General characteristics
- Type: Ship
- Tons burthen: 502, or 515, or 51577⁄94, or 516 (bm)
- Length: 120 ft 0 in (36.6 m)
- Beam: 31 ft 2 in (9.5 m)
- Propulsion: Sail
- Complement: 30
- Armament: 1809:14 × 9&6-pounder guns; 1816:4 × 6 + 12 × 9-pounder guns;
- Notes: Two decks and three masts

= Elizabeth (1809 Bristol ship) =

Elizabeth was launched at Bristol in 1809. She was originally a West Indiaman, but she wrecked in October 1819 at Table Bay while sailing from Bombay to London.

==Career==
William James, Brice and Co. built Elizabeth at Wapping, but on 3 June 1809, there appeared an advertisement for the sale, at auction, of their stock and trade, including the "hull of a new ship, copper fastened, about 500 tons," etc.

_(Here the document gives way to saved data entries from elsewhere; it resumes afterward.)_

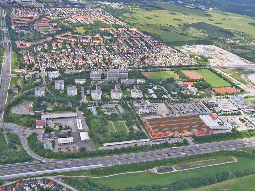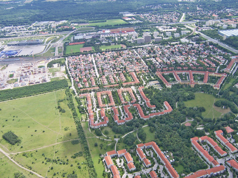 Zwischen der Autobahntrasse der A9 am unteren Bildrand und der Schleißheimer Straße am oberen Rand sind vor allem zu erkennen die
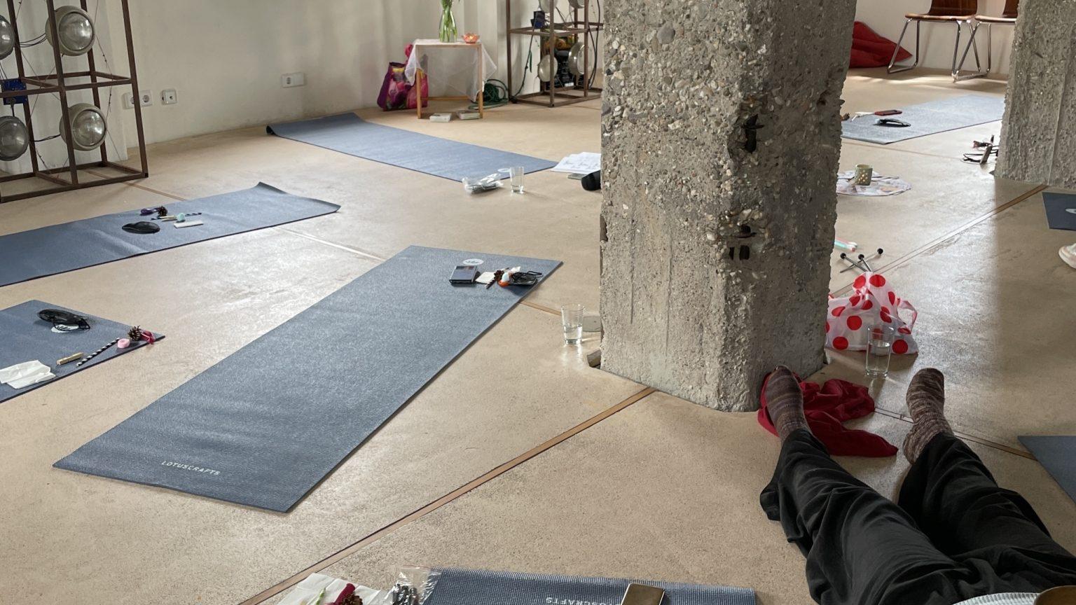Wir machen kleine Übungen aus dem Lachyoga, eine Massage, eine Klangreise, Meditationen, singen Mantras und üben einige Übungen aus dem Yoga zum Loslassen und Entspannen.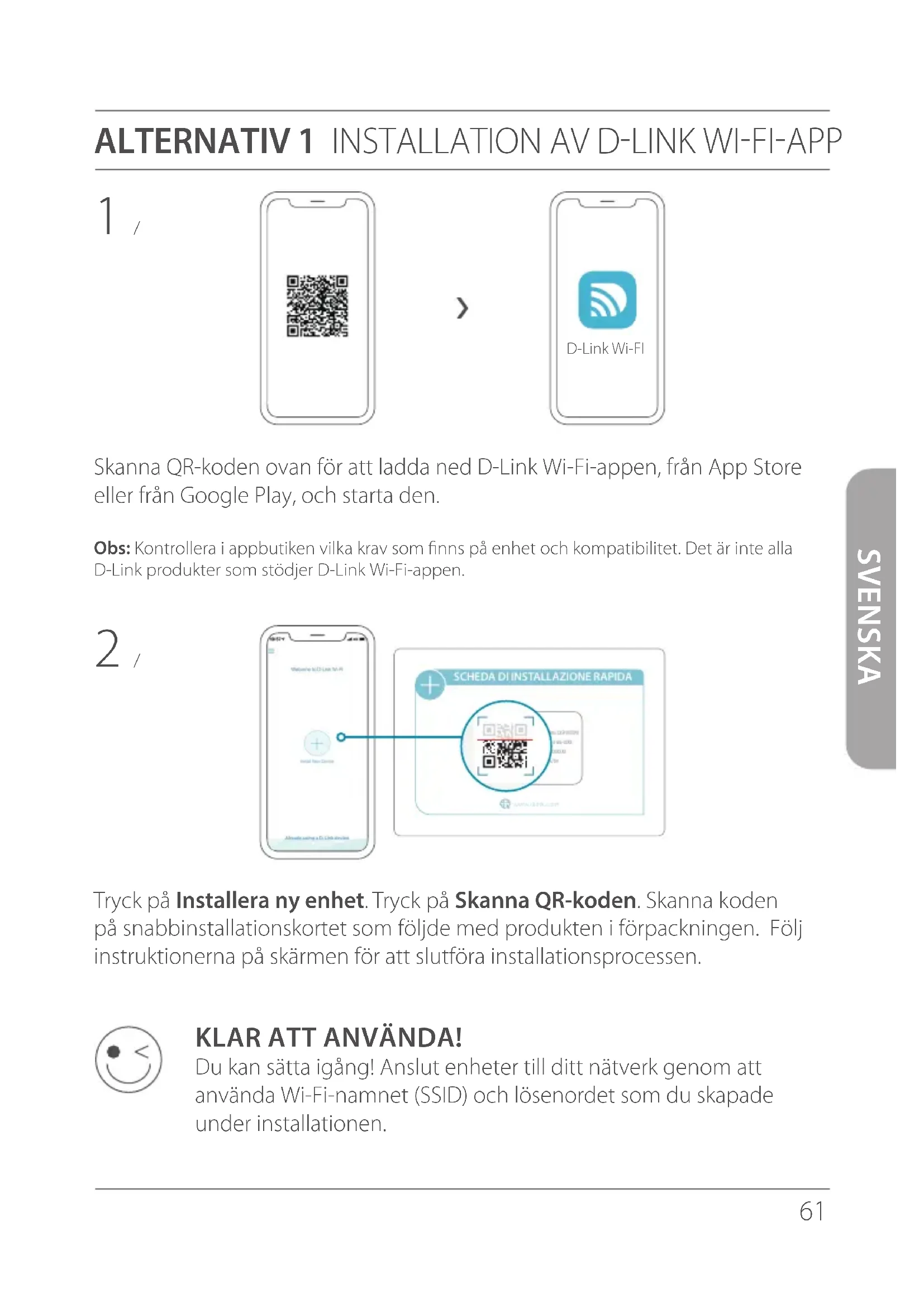 KLAR ATT ANVÄNDA! Du kan sätta igång! Anslut enheter till ditt nätverk genom att använda Wi-Fi-namnet (SSID) och lösenordet som du skapade under installationen.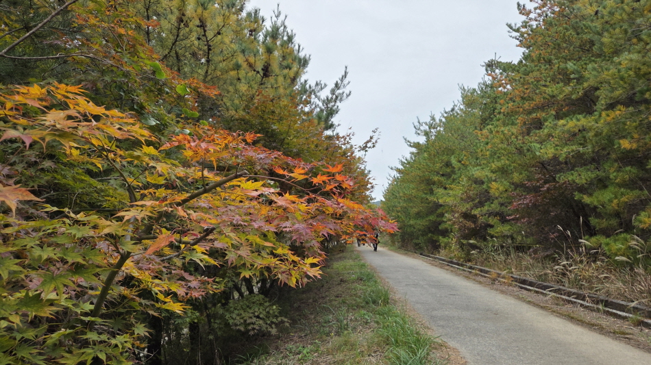 - 송정 오미구간은 숲길이 4km 정도 되고, 나머지 6.5km정도는 아스팔트가 깔린 농로이거나 마을길이다.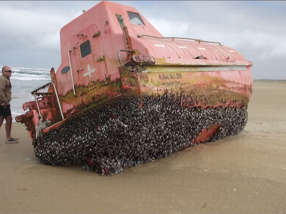 MS Oliva Valetta life boat found washed up on a Coorong Beach in the Southeast South Australia after parting ways from the ship that ran a ground on the Nightingale Islands South Pacific between South Africa and South America , it was a drift for 99 weeks. ABC News in Australia reported on 6th February 2013 that the lifeboat from the wrecked bulk carrier MS Oliva was washed up on a beach in South Australia.The lifeboat was found by Nick Balmer when he went fishing and reported that it was in good condition after its long journey.It was removed from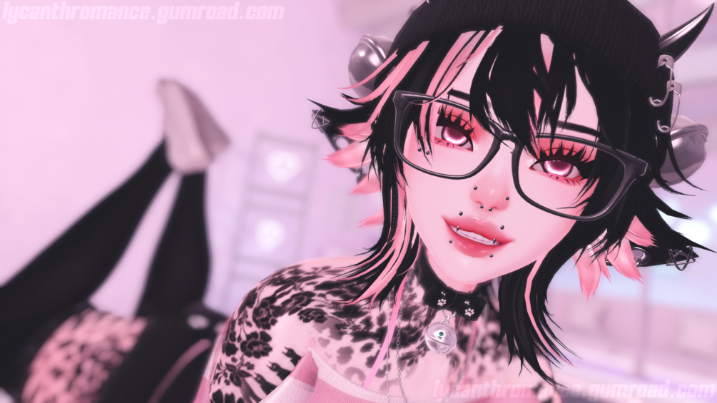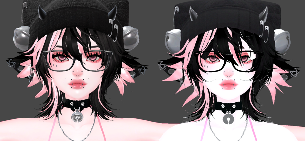 Custom: ♡ Animal: Cat Ears, Tail / Demon Wings, Ears, Horns ♡ Hue Shift: Clothing, Hair, Eyes ♡ Eye Swap Toggle: Human/Cat Eyes ♡ Metal Emission: Make yourself shine bright like a diamond! ♡ Color Swap: Hoodie x2, Sweater x2, Underwear x2, Corset, Socks, Garters, Metals, Collar, Beanie, Sleeve, Skirt ♡ Lighting Adjustment Toggle:Locally make yourself brighter in dark worlds! ♡ Contacts: Headpat, Eye Poke Left & Right, Nose Boop, Kiss, Bell w/ sound (all are toggleable on/off) ♡ Skin Tone Slider: Pale → Tan → Black → Tattoo → Plain (Pale Only)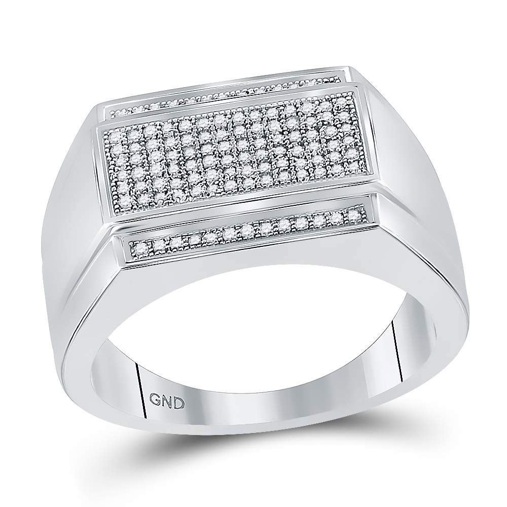Sterling Silver Mens Round Diamond Rectangle Cluster Fashion Ring 1/3 Cttw
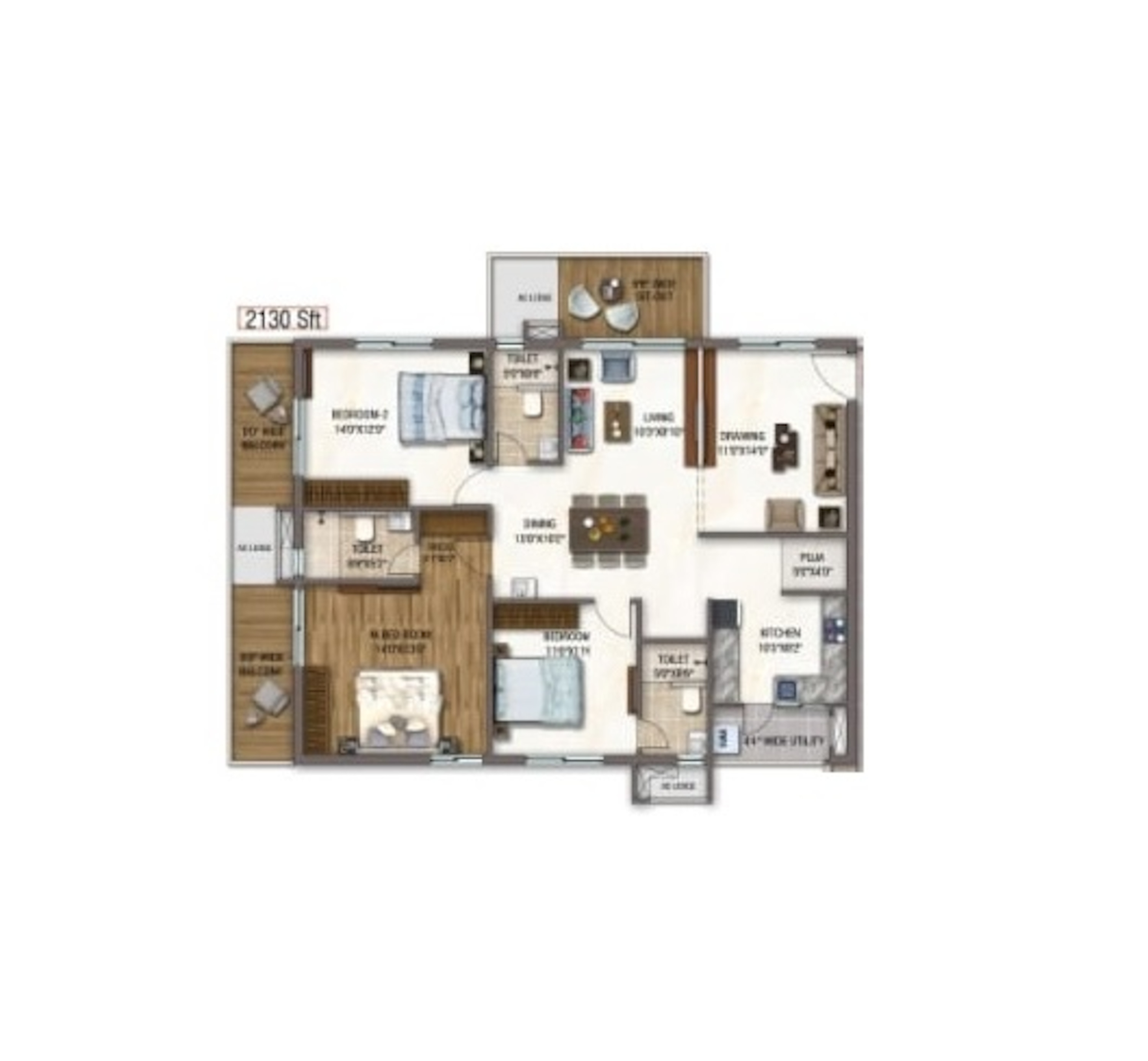 22 units - 2 BHK, 146 units - 3 BHK in 1 tower

Robert Claxton and Sons completed the vessel at Bristol, and she became Elizabeth.

James Drew, jnr. acquired a letter of marque on 28 August. Elizabeth appears in the 1810 volume of Lloyd's Register with J. Drew, master, Claxton, owner, and trade Bristol—St Vincent. She then continued to trade with the West Indies.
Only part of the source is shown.